What do you mean by overhead railway? Like one that goes around the top of a room? If so, there are four that I work with and all of them support LGB F7s and LGB 2-4-0s with no problems. I would think that an Aristo C-16 would be fine, but I do not have any Aristo engines.


----------



## Ted Yarbrough (Jan 2, 2008)

Snoqualmie, 
Yes, one that goes around the top of a wall around the room. I think it is rather steady, everywhere but one place, where a bridge is installed. It may need some extra screws to sure it up. I'm just running the Bachmann Annie right now.


----------



## Jerry Barnes (Jan 2, 2008)

I think the Aristo C-16 is a fairly small locomotive at 1/24th scale-it's based on the old Delton C-16. So should not be a problem. Jerry


----------



## W3NZL (Jan 2, 2008)

I believe if I had a layout that I had to worry about whether the loco weighed 
8-10 lbs instead of 6, I'd sure tear that thing out and build something that I 
didn't have to worry about !!! 
Paul R...


----------



## Ted Yarbrough (Jan 2, 2008)

Paul R. 
You are correct! I can probably swing on the layout, except for one span where there is a bridge. The bridge sits on two supports that are screwed in FROM THE TOP SIDE. I may add a few screws to the bottom side, just for my satisfaction. I have run the Annie, and an LGB 2-4-0, as well as a Hartland railbus without any problems. I run the rest of my LGB Moguls and Forneys outdoors and was just thinking about adding the Aristo 2-8-0 C-16 to run overhead as well as outdoors. 
Still curious about the weight of the C-16. There is a train show in my area this weekend and I plan to look at one very carefully there!


----------



## Ted Yarbrough (Jan 2, 2008)

Friends, 
OK, I put a couple extra screws in the cleat supports at the bridge. Now it should hold about anything. I guess I'm still a little curious about the weight of the new C-16. Train show in Atlanta this weekend, so I will take a look at one.


----------



## TheLordsServant (Jul 7, 2008)

Not that it helps any, but my old Delton, albeit with some pieces missing weighs in right at 7.5 lbs The cab side has come off, as well as a few detail parts. This is for the engine alone. I think you'll be fine if the Bachmann Annie has no problems.


----------



## Ted Yarbrough (Jan 2, 2008)

Thanks Lords Servant!


----------



## stanman (Jan 4, 2008)

I worried about this when I was designing my layout.

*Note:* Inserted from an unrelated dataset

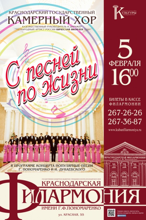 Краснодарский государственный камерный хорВ программе концерта популярные песни Григория Пономаренко и Исаака Дунаевского
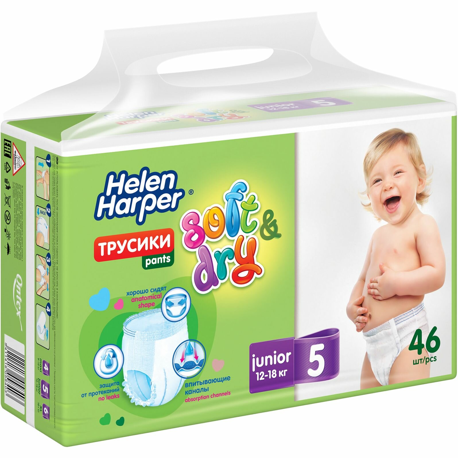 HELEN HARPER Детские трусики-подгузники Soft&Dry размер 5 (Junior) 12-18 кг, 46 шт.

However, when I thought about it some, I realized that the track - and whatever is used for roadbed - distributes the weight across several hangers. No one hanger supports the entire weight of the loco. My layout has been up for nearly ten years, running a Croc and a couple of GE 4/4 II's - plus some smaller locos.


----------



## Ted Yarbrough (Jan 2, 2008)

Stan, 
WOW is about all I can say.


----------



## Ted Yarbrough (Jan 2, 2008)

Friends, 
The show was fun, as our club set up the display layout and ran trains. However, there were VERY few large scale dealers present. I fear the economy has hurt a one day show (fuel, lodging, meals, table-rental, etc). Several regular dealers were not present. No C-16's from Aristo to look at!


----------



## aceinspp (Jan 2, 2008)

Yep Ted what a bummer that no C-16 where available as I knew you had money burning your pocket to buy one. /DesktopModules/NTForums/themes/mls/emoticons/hehe.gif Later RJD


----------